Shishijimicin A is an enediyne antibiotic isolated from Didemnum proliferum. Isolated in 2003 it is part of the family of 10 member ringed enediyne antitumor antibiotic agents, which includes: namenamicin, esperamicin and, calicheamicin. Due to its high potency from cytotoxicity, Shishjimicin A is currently undergoing testing as a possible Antibody-antibiotic Conjugate (ADCs) cancer treatment. Laboratory tests indicate it to be “more than 1,000 times as toxic to cancer cells as the anticancer drug taxol”, also known as Paclitaxel, a prevalent chemotherapy medication. As such, theoretically, only an administration of a minuscule dose of the molecule would be necessary per each treatment.
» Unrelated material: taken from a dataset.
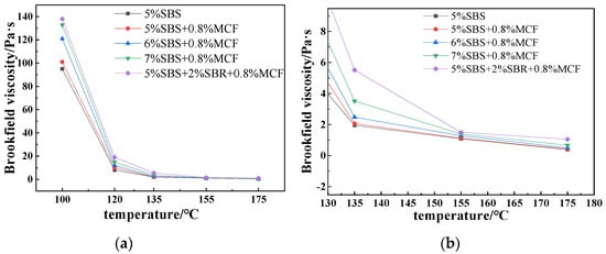 Rotational viscosity test results for the modified asphalts. (a) 100–175 °C temperature range; (b) 130–175 °C temperature range.
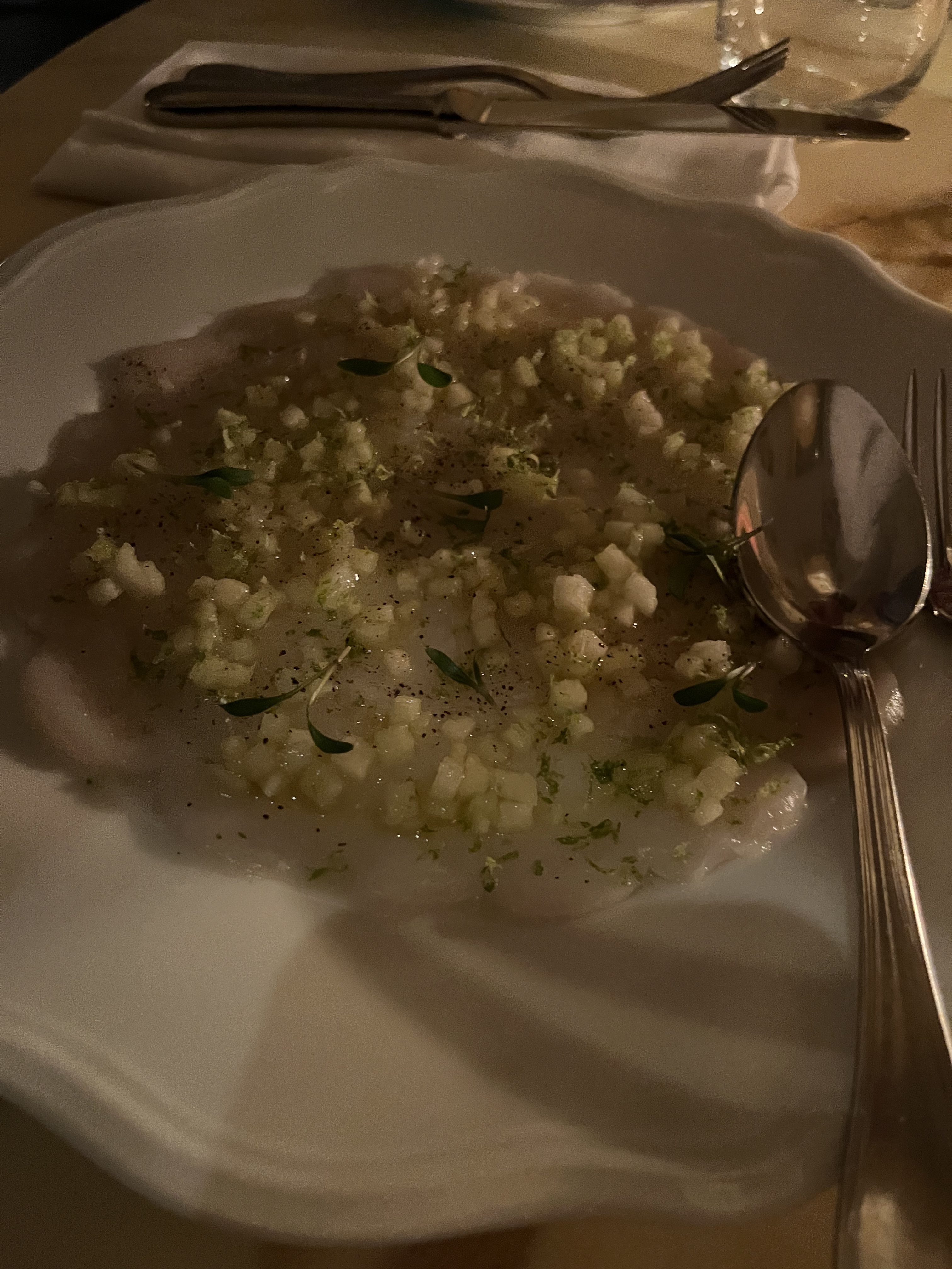 Le carpaccio de saint Jacques pommes 🍏 top sur cette belle terrasse ☀️

As shishjimicin A supply is scarce and the full extent of its side effects is not yet established, there is still a need for further biological and clinical studies.

Total synthesis 
The total synthesis of shishjimicin A was published by scientists at Rice University in 2015, led by K. C. Nicolaou. Using methodology from the previous isolation of calicheamicin, 21 total steps were conducted for the synthesis, briefly outlined below:

 Shishijimicin A undergoes deprotection
 Trisulfide formation with glycosidation
 Carboline disaccharide coupling

The total synthesis includes:

 Ketalization of tetronic acid
 Reduction with ethylene glycol and diisobutylaluminium hydride
 Asymmetric addition of anion with selective protection
 Aldehyde oxidation via Swern oxidation and oxime formation
 Intramolecular dipolar cycloaddition
 Selective control of diastereoisomer formation
 Removal of protection and completed oxidation
 Coupling with lithium (3Z)-3-Hexene-1,5-diyne triisopropylsilyl chloride with Knochel's salt (LaCl3·2LiCl)
 Acetylation
 Deprotection
 Oxidation

The goal of the synthesis is to create two complex intermediate compounds, trichloroacetimidate and hydroxy enediyne. These will be coupled to produce shishjiimicin A. Though this organic synthesis is challenging, its mapping allows for future contribution to research efforts. Further improvements of the coupling reaction are currently being studied. Practicality and synthesis variations of the complex molecule are essential to working alongside pharmaceutical companies to develop clinical trials and treatment options.

DNA-cleaving mechanism 
The DNA-cleaving mechanism that shishijimicin A

Shishijimicin A binds to the minor groove of double-stranded DNA (DsDNA) and where its β-carboline moiety intercalates into the DNA. The unbound linker regions of DNA in the process of interphase and metaphase are open to binding by binders such as shishijimicin A. These regions lack protective histone proteins throughout the eukaryotic cell cycle. This dsDNA cleavage visualized and low selection probability for sequences by shishijimicin A may attribute to its cytotoxic properties.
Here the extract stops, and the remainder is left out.